### Dataset entries
- - - - - - -

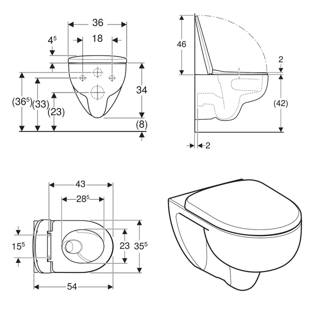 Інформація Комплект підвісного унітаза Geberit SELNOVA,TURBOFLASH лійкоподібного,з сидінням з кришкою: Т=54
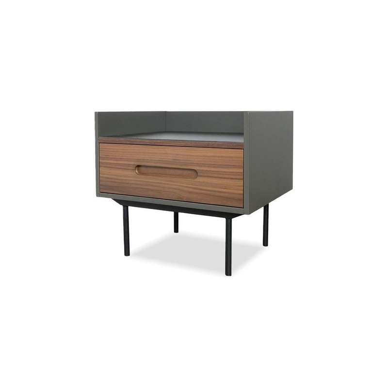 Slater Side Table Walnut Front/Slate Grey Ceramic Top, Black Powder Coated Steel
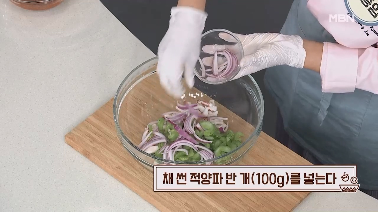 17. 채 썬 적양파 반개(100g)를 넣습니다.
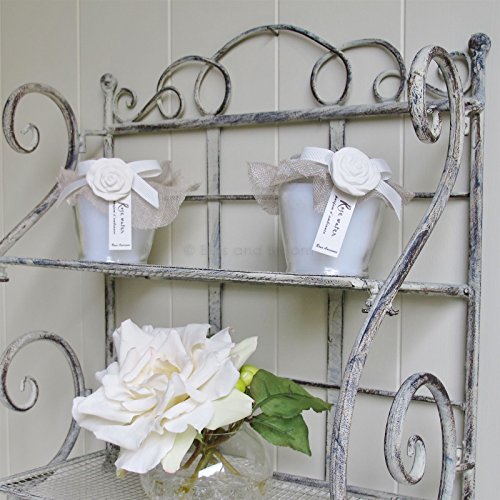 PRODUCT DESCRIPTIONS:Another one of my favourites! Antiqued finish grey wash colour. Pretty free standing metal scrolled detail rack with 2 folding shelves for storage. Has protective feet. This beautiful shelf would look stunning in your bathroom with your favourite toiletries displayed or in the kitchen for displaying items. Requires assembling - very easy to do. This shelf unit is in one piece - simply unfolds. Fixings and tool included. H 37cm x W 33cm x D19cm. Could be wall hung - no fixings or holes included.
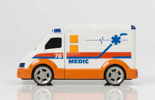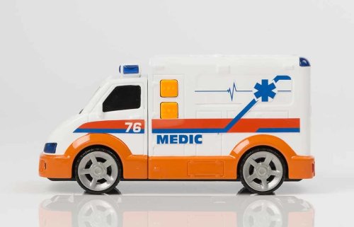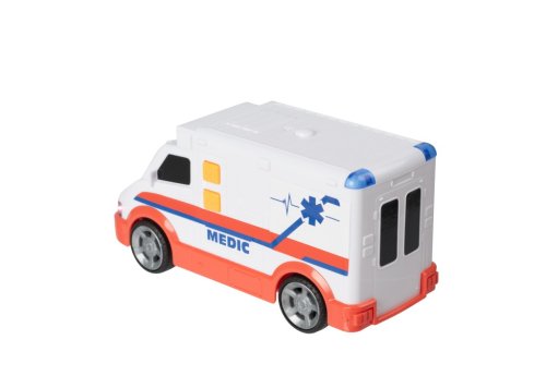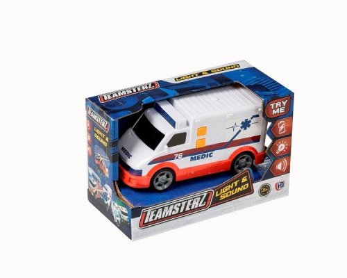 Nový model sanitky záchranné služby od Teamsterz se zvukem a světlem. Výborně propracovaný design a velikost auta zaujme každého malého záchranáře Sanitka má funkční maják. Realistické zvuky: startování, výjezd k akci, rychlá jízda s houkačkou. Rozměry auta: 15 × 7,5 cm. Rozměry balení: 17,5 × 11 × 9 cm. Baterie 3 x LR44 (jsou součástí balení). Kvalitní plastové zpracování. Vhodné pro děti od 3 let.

- - - - - - -

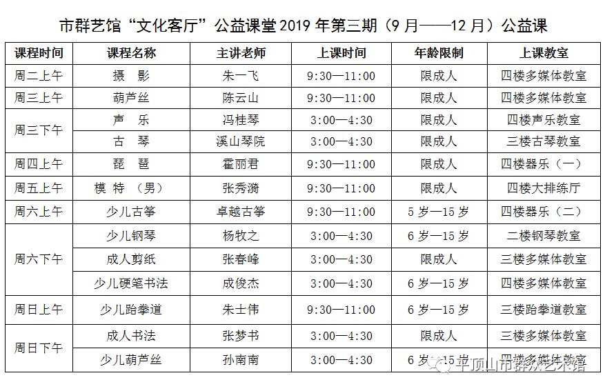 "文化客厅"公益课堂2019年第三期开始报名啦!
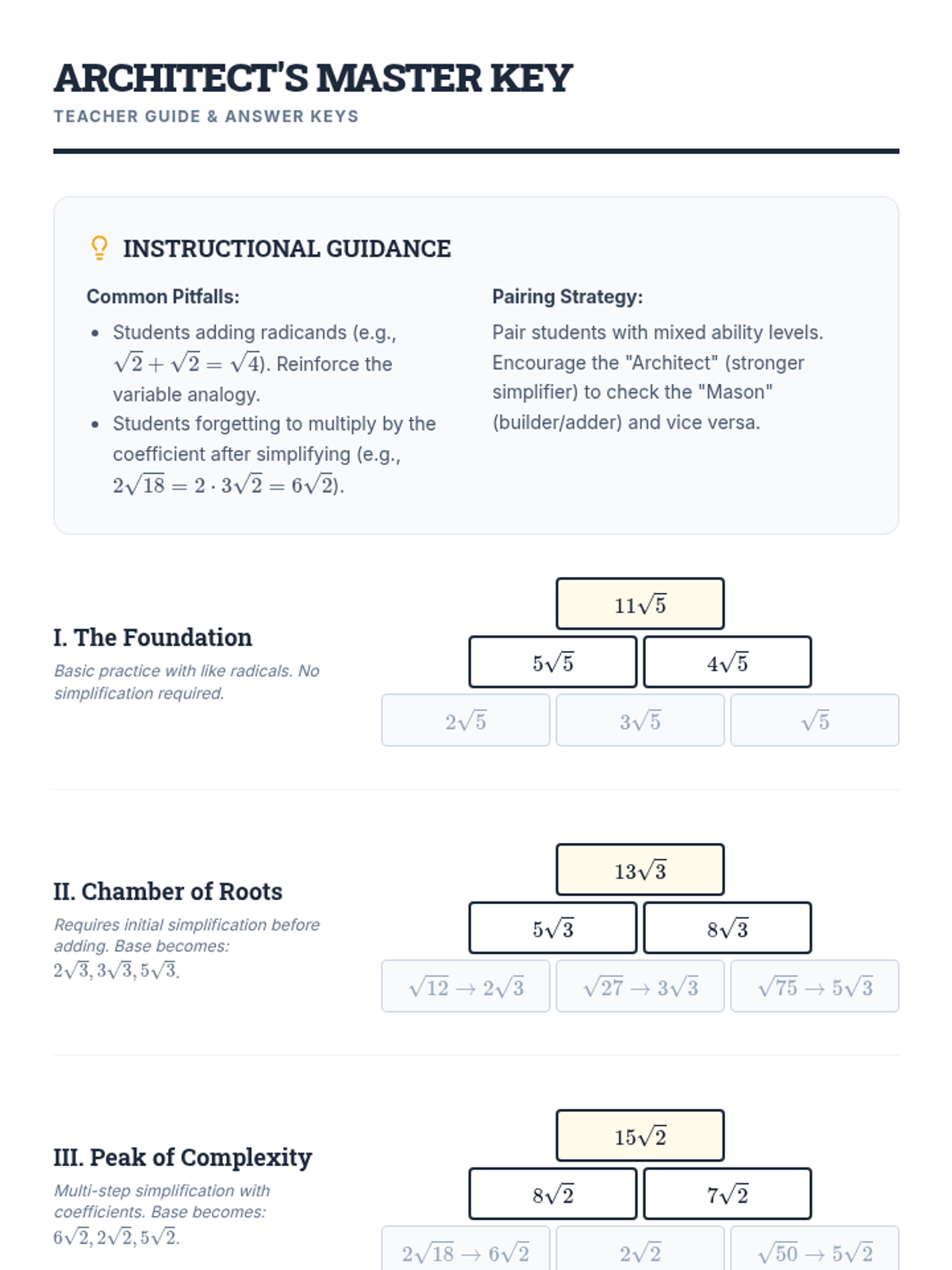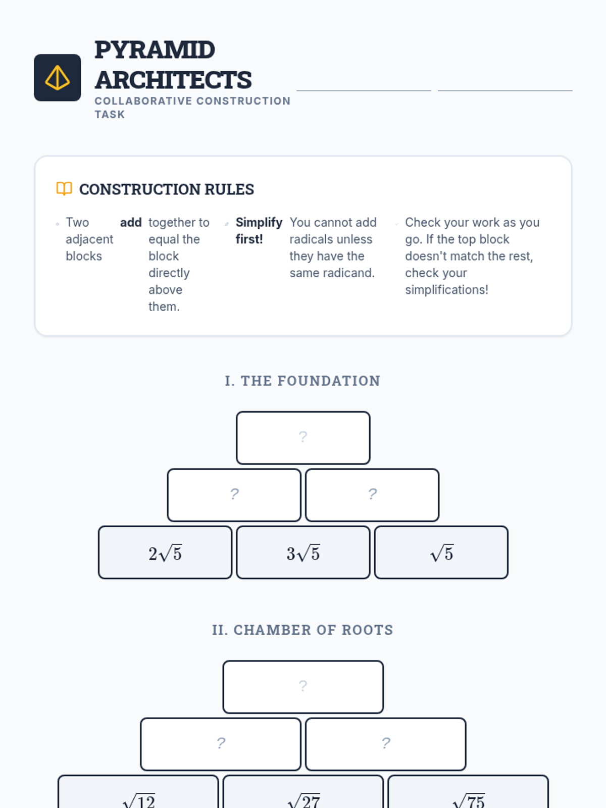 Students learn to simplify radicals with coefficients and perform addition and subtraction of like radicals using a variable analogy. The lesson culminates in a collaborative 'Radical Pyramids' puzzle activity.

- - - - - - -

Output exactly the stretch of the listing that begins at the line containing "Slater Side Table" and ends at the line containing "PRODUCT DESCRIPTIONS:Another one", both kept. Omit pictures and everything else.

### Solution to this exercise
 Slater Side Table Walnut Front/Slate Grey Ceramic Top, Black Powder Coated Steel
 17. 채 썬 적양파 반개(100g)를 넣습니다.
 PRODUCT DESCRIPTIONS:Another one of my favourites! Antiqued finish grey wash colour. Pretty free standing metal scrolled detail rack with 2 folding shelves for storage. Has protective feet. This beautiful shelf would look stunning in your bathroom with your favourite toiletries displayed or in the kitchen for displaying items. Requires assembling - very easy to do. This shelf unit is in one piece - simply unfolds. Fixings and tool included. H 37cm x W 33cm x D19cm. Could be wall hung - no fixings or holes included.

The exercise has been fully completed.